Внук, куря и выпуская дым в приоткрытое окно, слушал старух и, встряхивая головой, поинтересовался:

– Так вы за этим, что ли, только и ездили? Делать, что ли, вам больше нечего?

– Дурак ты, Димка. Нехристь, что твой отец. Даром, что его в последний год, как церкву закрывали, и окрестили. Марксизьму он в институте обучает! И чему этот марксизьм учит – церкви только ломать? А господь любить учит. А у церкви нашей… – Она назидательно постучала Димку пальцем по плечу. – Вся родня твоя лежит. Семь колен, – я и не знаю, – может, и больше. И всех и крестили, и венчали, и отпевали там же. Всех. А тебе, Димка, все, видать, равно! Ты и деда, поди, уже не помнишь.

Димка пожал плечами.

– Да откуда я его помню, деда? Знаю только, что большой был, на коленке меня качал.

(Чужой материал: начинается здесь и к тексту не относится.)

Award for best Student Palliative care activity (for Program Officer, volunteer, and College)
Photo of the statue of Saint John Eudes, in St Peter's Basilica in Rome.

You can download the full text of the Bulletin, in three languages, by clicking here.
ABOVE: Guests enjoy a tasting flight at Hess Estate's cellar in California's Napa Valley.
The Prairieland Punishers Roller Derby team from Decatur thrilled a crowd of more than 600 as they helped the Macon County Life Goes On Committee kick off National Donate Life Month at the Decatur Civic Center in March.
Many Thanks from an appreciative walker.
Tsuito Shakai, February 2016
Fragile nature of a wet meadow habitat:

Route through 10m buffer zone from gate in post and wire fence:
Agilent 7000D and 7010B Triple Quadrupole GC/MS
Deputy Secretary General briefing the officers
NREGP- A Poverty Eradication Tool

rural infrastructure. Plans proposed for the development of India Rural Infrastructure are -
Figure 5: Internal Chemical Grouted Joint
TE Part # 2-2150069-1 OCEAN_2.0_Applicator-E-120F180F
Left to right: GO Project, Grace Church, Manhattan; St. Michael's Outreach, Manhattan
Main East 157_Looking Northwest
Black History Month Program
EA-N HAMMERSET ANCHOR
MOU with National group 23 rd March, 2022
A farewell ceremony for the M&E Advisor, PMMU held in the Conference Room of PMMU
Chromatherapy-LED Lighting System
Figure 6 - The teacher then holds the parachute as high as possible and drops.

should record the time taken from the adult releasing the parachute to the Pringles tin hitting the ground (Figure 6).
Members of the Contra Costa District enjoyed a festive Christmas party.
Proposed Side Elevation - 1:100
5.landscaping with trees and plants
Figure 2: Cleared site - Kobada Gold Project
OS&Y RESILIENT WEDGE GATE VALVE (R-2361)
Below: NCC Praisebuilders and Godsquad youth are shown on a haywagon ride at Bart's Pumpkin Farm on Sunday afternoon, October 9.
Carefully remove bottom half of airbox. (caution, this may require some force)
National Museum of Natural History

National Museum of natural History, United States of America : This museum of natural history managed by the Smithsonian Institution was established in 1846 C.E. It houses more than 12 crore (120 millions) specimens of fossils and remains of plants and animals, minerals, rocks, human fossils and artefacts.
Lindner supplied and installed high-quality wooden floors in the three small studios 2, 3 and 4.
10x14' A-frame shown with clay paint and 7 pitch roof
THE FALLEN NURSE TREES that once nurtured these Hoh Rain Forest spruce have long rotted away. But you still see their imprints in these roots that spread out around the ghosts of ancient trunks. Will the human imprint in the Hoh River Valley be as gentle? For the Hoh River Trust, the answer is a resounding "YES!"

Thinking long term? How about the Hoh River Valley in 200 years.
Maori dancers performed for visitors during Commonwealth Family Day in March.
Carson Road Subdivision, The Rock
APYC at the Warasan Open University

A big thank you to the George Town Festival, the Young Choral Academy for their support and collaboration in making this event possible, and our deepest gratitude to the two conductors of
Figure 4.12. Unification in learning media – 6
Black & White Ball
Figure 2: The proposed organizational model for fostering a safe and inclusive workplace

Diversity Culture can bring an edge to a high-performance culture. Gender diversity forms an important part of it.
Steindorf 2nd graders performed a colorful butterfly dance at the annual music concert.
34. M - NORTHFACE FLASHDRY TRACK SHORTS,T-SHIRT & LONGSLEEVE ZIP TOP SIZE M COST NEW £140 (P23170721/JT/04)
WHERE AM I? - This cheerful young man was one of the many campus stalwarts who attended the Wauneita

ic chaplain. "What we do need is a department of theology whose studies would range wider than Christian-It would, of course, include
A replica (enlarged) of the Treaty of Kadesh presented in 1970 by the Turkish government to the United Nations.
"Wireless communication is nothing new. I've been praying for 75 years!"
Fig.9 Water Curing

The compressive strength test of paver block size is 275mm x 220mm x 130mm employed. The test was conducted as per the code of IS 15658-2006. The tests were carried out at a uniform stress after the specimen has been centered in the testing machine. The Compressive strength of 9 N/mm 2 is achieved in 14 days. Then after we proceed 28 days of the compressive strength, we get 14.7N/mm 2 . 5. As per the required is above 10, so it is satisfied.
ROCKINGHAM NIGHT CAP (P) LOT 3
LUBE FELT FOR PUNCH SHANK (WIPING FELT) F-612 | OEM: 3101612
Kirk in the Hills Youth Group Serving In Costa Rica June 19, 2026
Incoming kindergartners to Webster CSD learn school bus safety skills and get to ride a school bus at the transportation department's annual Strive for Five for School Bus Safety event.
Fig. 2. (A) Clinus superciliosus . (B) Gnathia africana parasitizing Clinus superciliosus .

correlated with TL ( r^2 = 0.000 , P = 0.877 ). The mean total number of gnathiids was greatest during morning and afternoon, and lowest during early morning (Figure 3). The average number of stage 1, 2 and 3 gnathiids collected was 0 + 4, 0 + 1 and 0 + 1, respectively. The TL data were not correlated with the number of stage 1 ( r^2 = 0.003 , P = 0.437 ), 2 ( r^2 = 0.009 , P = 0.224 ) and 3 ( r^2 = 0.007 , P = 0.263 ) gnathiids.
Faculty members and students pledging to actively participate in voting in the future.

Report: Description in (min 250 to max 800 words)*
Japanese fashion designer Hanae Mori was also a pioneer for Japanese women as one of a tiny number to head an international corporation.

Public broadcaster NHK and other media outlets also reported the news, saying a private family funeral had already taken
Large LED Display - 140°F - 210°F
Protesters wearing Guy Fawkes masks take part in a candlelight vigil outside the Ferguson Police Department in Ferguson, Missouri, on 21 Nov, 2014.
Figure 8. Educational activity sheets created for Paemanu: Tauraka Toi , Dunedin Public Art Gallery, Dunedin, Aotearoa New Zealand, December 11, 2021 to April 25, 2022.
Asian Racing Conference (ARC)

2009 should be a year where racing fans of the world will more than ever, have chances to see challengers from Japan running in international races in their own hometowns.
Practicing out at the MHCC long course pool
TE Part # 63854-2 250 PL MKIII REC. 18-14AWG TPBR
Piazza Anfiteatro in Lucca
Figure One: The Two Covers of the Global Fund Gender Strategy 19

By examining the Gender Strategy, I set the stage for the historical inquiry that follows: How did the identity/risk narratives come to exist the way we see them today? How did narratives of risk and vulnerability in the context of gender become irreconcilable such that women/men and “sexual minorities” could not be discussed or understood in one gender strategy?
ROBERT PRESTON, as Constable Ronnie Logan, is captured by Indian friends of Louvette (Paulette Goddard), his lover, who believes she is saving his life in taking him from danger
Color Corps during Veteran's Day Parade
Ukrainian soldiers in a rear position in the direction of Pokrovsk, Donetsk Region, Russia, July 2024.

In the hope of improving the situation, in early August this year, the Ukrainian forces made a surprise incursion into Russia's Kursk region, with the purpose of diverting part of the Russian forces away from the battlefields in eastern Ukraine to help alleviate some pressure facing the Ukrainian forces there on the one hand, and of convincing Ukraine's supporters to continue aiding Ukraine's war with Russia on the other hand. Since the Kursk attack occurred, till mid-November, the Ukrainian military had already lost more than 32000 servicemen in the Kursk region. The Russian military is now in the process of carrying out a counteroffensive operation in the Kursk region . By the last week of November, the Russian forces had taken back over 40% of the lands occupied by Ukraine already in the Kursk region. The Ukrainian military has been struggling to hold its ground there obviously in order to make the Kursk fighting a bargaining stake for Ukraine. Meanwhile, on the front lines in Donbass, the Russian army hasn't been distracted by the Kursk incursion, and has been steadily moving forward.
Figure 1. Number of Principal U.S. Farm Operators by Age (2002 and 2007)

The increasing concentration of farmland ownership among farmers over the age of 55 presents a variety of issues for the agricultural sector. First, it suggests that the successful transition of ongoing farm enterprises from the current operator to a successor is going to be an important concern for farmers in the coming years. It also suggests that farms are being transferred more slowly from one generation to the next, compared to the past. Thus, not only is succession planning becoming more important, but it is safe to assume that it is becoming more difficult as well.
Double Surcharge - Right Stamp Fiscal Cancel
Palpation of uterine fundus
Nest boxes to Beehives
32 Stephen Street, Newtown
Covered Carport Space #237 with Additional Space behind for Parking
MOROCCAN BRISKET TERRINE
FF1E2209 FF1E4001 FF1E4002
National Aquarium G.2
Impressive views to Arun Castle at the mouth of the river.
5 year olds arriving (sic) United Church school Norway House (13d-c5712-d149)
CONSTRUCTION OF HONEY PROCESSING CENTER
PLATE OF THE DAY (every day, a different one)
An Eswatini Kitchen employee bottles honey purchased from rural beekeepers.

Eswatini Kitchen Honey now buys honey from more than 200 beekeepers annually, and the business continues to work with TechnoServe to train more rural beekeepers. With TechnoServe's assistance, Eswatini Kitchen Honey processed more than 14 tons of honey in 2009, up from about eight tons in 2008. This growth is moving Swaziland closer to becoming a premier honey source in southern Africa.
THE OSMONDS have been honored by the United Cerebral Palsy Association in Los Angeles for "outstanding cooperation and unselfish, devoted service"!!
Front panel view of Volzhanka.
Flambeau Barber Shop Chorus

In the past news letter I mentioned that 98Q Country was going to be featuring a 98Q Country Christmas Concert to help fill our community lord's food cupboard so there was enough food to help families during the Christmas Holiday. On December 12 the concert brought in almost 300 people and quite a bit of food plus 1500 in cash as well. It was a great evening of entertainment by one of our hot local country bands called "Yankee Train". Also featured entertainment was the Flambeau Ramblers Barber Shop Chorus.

– Да, здоровый и добрый был, Митрий. Тебя-то Митрием по нему назвали. Да и родился ты перед Митриевской субботой, как и он, у вас один святой – Димитрий. Мать вот только твоя: Дима, Дима! А ты ведь Митька. Тот же Митька Бихтеев, как и дед твой.

– Не Митька я, а Дима! В паспорте – Вадим.

– Господи! Да откуда ж ты Вадим, когда у нас сроду таких имен в родне не водилось. Тебя и в метрике Митрием записали.

– То, бабань, в метрике, а у меня теперь паспорт. А ты меня все: Митька, Митька! Приехали. Мне некогда, я назад поехал.

Как-то летом приезжали в село студенты. Два дня возле церкви ходили, обмеряли, записывали. Сначала расспрашивали у старух, что помнят, что знают о церкви.

– Помнить-то я ничего и не упомню, – говорила Гусиха, – знаю, что престольный праздник у нас на Николу вешнего, ярманка два раза была: на Николу и на Покров. А почему на Покров еще – кто его знает. Два престола в ней было. С той стороны маленькая пристройка была, ее еще до войны разорили. Коровник хотели строить: ломали – ломали, кирпич взять хотели, да и бросили, ни однова кирпича цельного не взяли.

– На яйцах, наверное, клали? – записывая в тетрадке, спросил Володя, старший. Почему-то улыбаясь, спросил.

– Уж не знаю, на яйцах ли, только, думаю, на совести больше.

Володя и студенты засмеялись.

– А вам для чего мерить-то надо? Иль ристарирвать церкву собрались?

– Нет, бабушка, мы к сожалению, только паспорта составляем на памятники архитектуры, обмеры делаем, а придет время, – может скоро – дойдут и до нее руки.

Он, прищурившись, глядел на силуэт церкви.

– Да, лет ей, действительно, ровно двести. Тысяча семьсот восемьдесят седьмой. Русский классицизм, безо всякой провинциальности. Очень хороший мастер строил ее: маленькая, а монументальная, и поставлена удивительно хорошо, просторно, хоть и в самом селе.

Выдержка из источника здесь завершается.